The accumulation of highly curated data in public repositories with detailed descriptions of the experimental conditions used to measure nanomaterial properties may also contribute to solving the “reproducibility crisis” described in the authoritative Nature editorial.11 With the recognition that reproducibility of research results is extremely challenging, Nature, in 2013, began requesting full method descriptions, with no content limit, in order to maximize experimental information and the possibility for peer reproduction.11 The Nature Nanotechnology editorial concerning the reproducibility initiative was published in 2014;13 it stated that the journal “will be encouraging authors to deposit data in repositories” and recommended, “that authors choose repositories that provide expert curation to ensure the data are discoverable and can be linked to the paper”. It is hard to overestimate the importance of support by scientific journals for establishing FAIR (Findable, Accessible, Interoperable, Reusable) Data Principles14 to maximize the data utility for accelerating nanotechnology research.

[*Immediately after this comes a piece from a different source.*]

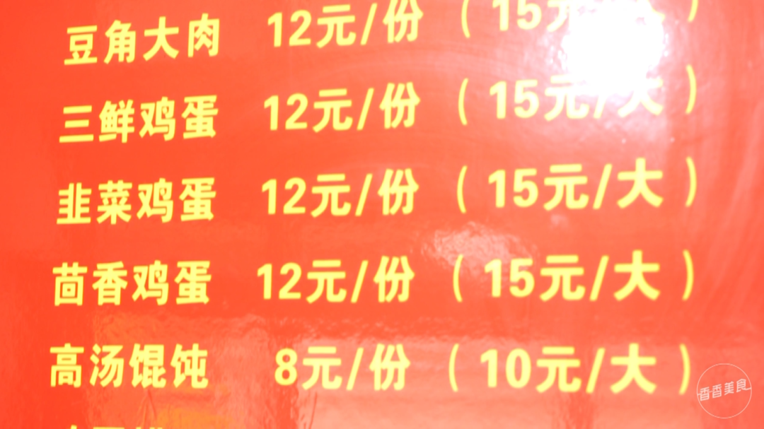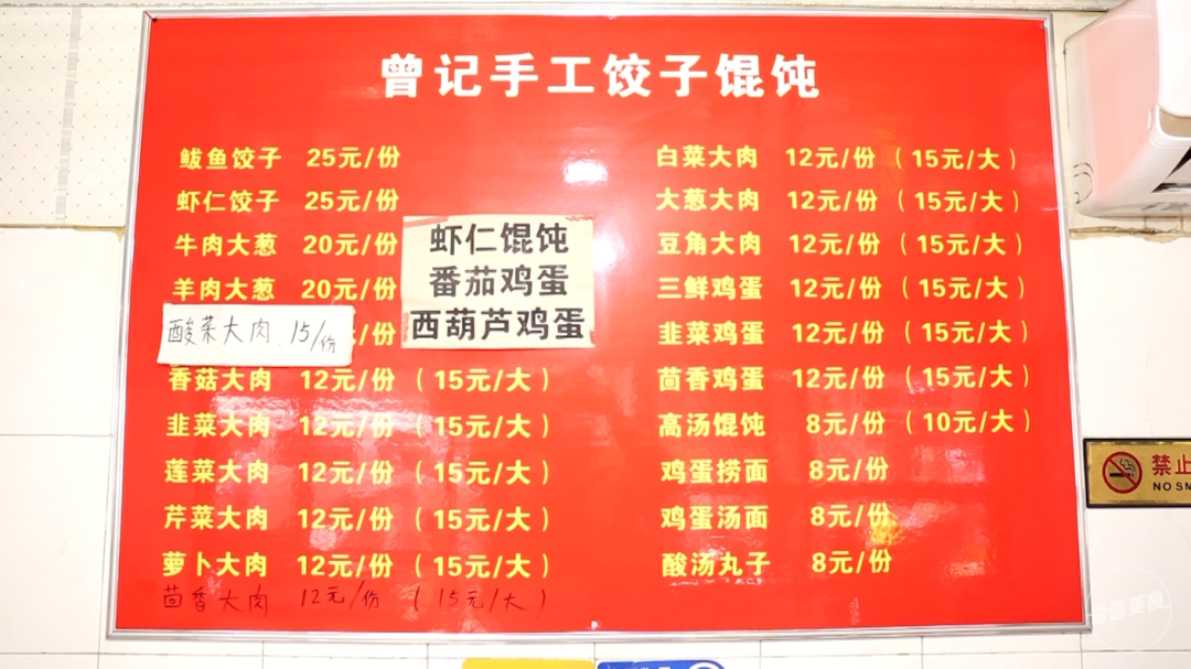 除了传统的韭菜大肉、萝卜大肉、芹菜大肉、韭菜鸡蛋外,店里还有鲅鱼饺子、番茄鸡蛋饺子等,算下来大概有23种。店员大姐告诉我们23种只是个大概数字,店里其实是按时令食材来做饺子的。这样更合大家的胃口,卖的也更好。除了饺子外,店里还提供馄饨、汤面和酸汤丸子。

Databases that accept and curate primary data depositions from experimental laboratories represent an invaluable means of flagging incomplete, suspicious, inconsistent, or irreproducible data. Indeed, the variability of synthetic approaches, storage, and handling can change many key physico-chemical and biological characteristics of nanomaterials. Thus, it is critical to capture and report all specific details of the experiments. A post-submission curation process, with the help of the MIAN6,12 ontology and standardized data format developed by ISA-TAB-Nano, would identify duplicative materials and compare their characteristics or highlight inconsistency of experimental nanomaterial characterization. Thus, data sharing through deposition into nanomaterial databases would significantly contribute to solving the reproducibility crisis.

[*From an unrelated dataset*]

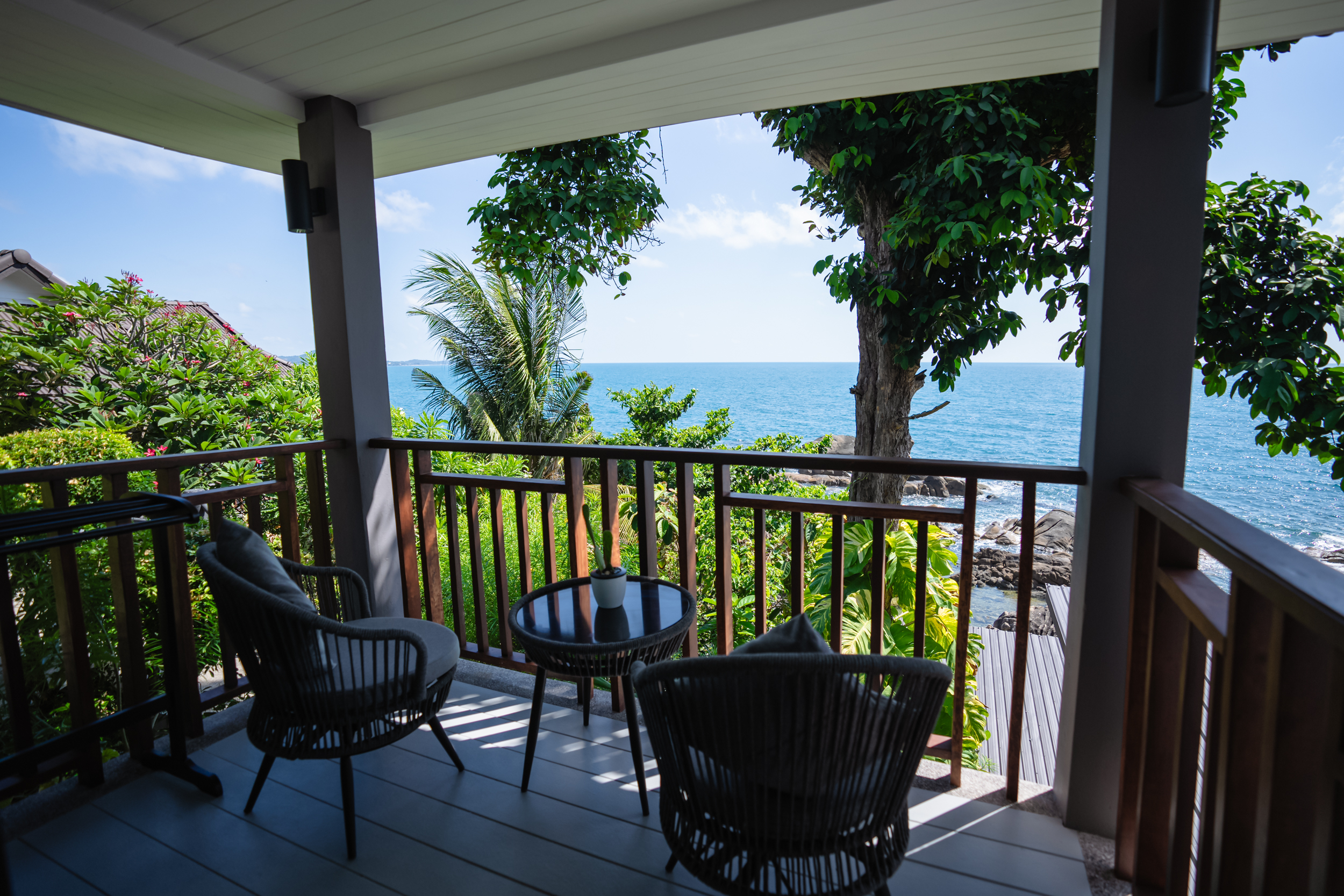 Vikasa occupies a cliff on Koh Samui’s southeast coast, its yoga shalas open to the Gulf of Thailand and the islands strung along the horizon. The retreat runs a daily programme of 10+ classes in yoga and movement / Hatha, Vinyasa, Yin, Aerial, Pilates — open to all guests, whether they have booked a structured retreat or arrived on their own dates through the Vikation programme.
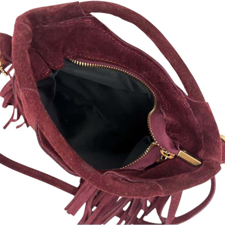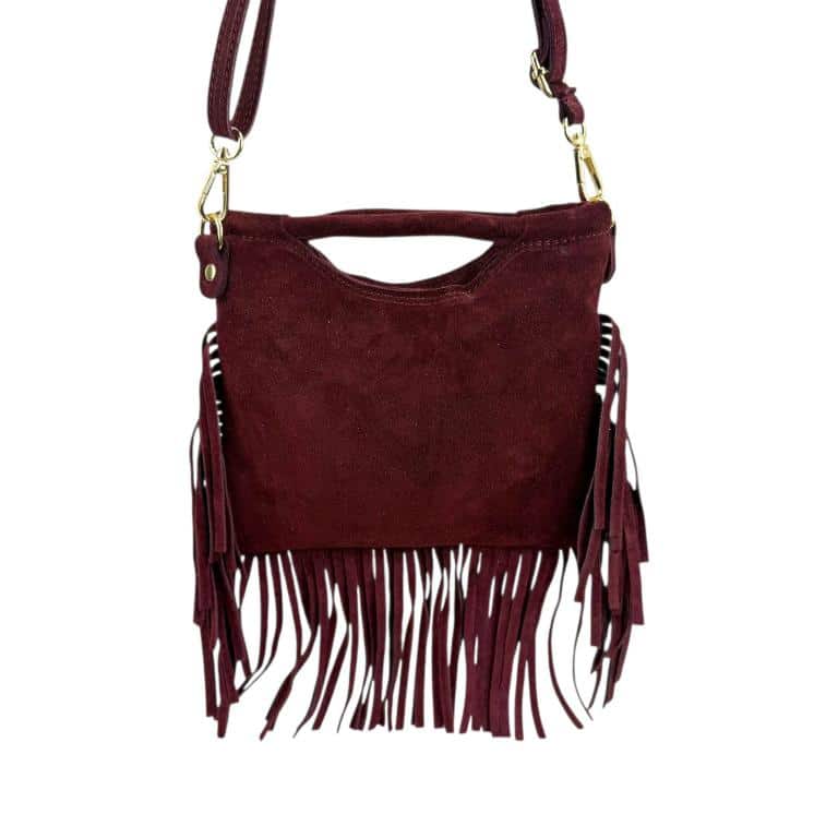 Sé el primero en valorar “Bolsito de Mano Compacto en Piel de Serraje con Tachuelas Frontales y Flecos Decorativos Mujer”

The importance of data analytics for the experimental decision support
Recent developments in the field of nanoinformatics and nanomaterial modeling suggest that, similar to the transformative effects of cheminformatics and bioinformatics on chemistry and biology, respectively, nanoinformatics is poised to transform nanomaterial research from an empirical, trial-and-error driven to data- and knowledge driven. There is a growing list of examples describing the use of nanoinformatics approaches to understand and forecast the relationship between structure and biological activity or toxicity of nanomaterials. Some recent, exciting developments in nanoinformatics were reviewed in the Beilstein J. of Nanotechnology in 2015 (summarized in the editorial by Liu and Cohen15). Several studies have demonstrated that nanoinformatics approaches can successfully elucidate and forecast structure-property relationships for nanomaterials,16–21 and even guide the experimental discovery of novel nanomaterials with the desired properties.22 Importantly, the feasibility of such studies is predicated on the availability of large amounts of high quality, curated data on nanomaterials structure and physico-chemical and biological properties that should be easily accessible in public databases.
Very recently, Oh et al.23 demonstrated the power of intelligent text mining of nanotechnology publications to extract data on the cellular toxicity of cadmium-containing semiconductor quantum dots. Using random forest datamining approach frequently employed in both bio- and cheminformatics, the authors developed models predicting toxicity of engineered nanomaterials from their physico-chemical properties and experimental conditions. This study illustrates the power of modern methods for data capture from the literature; however, it also illuminates the problem of inefficiency or lack of data sharing that could be achieved by direct deposition into public databases.
Streamlining nanomaterials data collection
There are numerous research databases and respective informatics tools in many data-rich fields that have evolved from small data collections to large, wells-structured databases with robust underlying ontologies. Significant examples are provided by the Protein Data Bank24 supporting basic and applied research in structural and functional proteomics, or Pubchem25 supporting research in chemical biology and drug discovery. Both databases provide streamlined data deposition capabilities and facilitate the development of instructional data models to guide focused experimental research. These examples of robust databases established in mature data-rich disciplines show the feasibility of implementing informatics-driven strategies for prospective data collection in nanomaterial science. Importantly, the time to act is now, when the quantity of nanomaterials data is relatively small but the growth of data and associated development of nanoinformatics models is imminent. Building the effective data submission and initial processing capabilities at this point is thus a luxury that many other fields, with decades of cumulative data to manage, have not been afforded.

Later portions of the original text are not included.